Seguro que a lo largo de tu vida has presenciado alguna vez el típico debate acerca de si las bandas nacionales están a la altura de las internacionales, o, en los casos menos optimistas, qué es lo que ha faltado para que la escena de aquí fuese tan relevante como otras. Después de muchos meses de trabajo, y con toda la información fresca, me propuse responder esta cuestión, y las conclusiones que aparecen al final del libro son las que he encontrado. En ese sentido, creo que es necesario elaborar la información para producir un conocimiento más elevado. Evidentemente, puede haber más factores, esto no es una cosa tan sencilla como algunos quieren hacer creer, pero creo que, como punto de partida, son unos puntos interesantes.
En el libro referencias infinidad de zines, revistas, bandas, locales autogestionados y en general mucho de todo aquello que posibilita la aparición y conservación de una escena local. Hoy en día cabría suponer que con un internet totalmente integrado en nuestras vidas y en nuestras relaciones interpersonales, las diferentes escenas y subescenas gozarían de una salud que personalmente no percibo, al menos en las que conozco. ¿Se ha perdido la militancia y solidaridad que hacían posibles las escenas locales?

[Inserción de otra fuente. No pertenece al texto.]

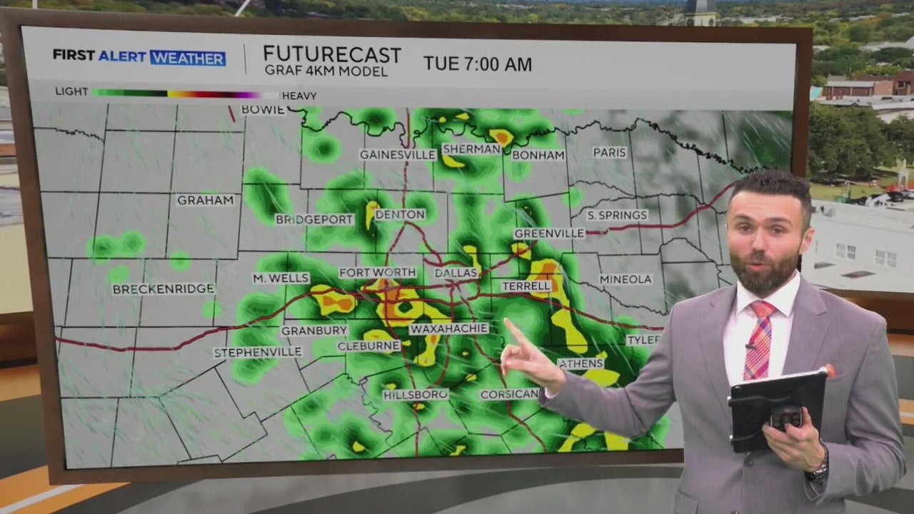 It's a mainly dry start to the workweek, but by this afternoon we can't rule out a few passing showers as a disturbance moves across Central Texas. Better rain chances will be for areas west and south of the Metroplex.

Sé que mucha gente opina como tú, y en cierta manera he llegado a pensar lo mismo en alguna etapa de mi vida, pero, si te digo la verdad, creo que esa militancia y solidaridad siguen estando ahí, al menos en algunos ámbitos o escenas. Lo que ocurre es que, desde hace años, las escenas underground se han masificado hasta tal punto, que realmente ya no parecen underground. Y la masificación siempre trae consigo gente con escasa implicación, con vínculos muy débiles o temporales. En otras palabras, gente que está de paso por el rollo, aunque algunos hagan mucho ruido. Pero en la actualidad sí que veo círculos de gente haciendo cosas, estableciendo lazos con otros colectivos y colaborando y cooperando en proyectos y actividades conjuntas, como siempre se ha hecho. En ocasiones no tienen un gran público ni obtienen unos resultados muy vistosos, pero sin duda su público es el adecuado, es decir, gente que entiende que hay que pagar un precio por la entrada de un concierto, por pequeño que sea, aunque este sea la voluntad, porque los grupos de gira tienen sus gastos, gente que cuida y respeta los entornos y lugares en los que se celebran los conciertos, gente que se comporta con respeto hacia los demás asistentes, creando entornos cómodos y seguros para todo el mundo, etc. A este respecto, tengo que decirte que en los últimos años he ido a algunos conciertos inolvidables, muy bonitos, donde recuerdas tanto la música como el buen ambiente que ha habido en general. Para mí, este es el tipo de cosas con corazón que hacen que el underground siga vivo, sitios en los que te sientes cómodo, aunque no conozcas a casi nadie, y que no tienen punto de comparación con alguna mega-verbena como el Resurrection Fest, con manadas de posers intentando demostrarse algo entre sí mismos
Desde el principio diferencias entre música extrema y extremista. Especialmente reveladora es la cita de Lee Dorrian que aparece al comienzo del libro: “La cuestión es que la música extrema ya es un estilo de música aceptado. La música extrema es un género por sí misma. Y según lo veo yo, cuando algo se vuelve aceptable ya no es extremo”. ¿Dónde se encuentra el “extremismo” en la actualidad?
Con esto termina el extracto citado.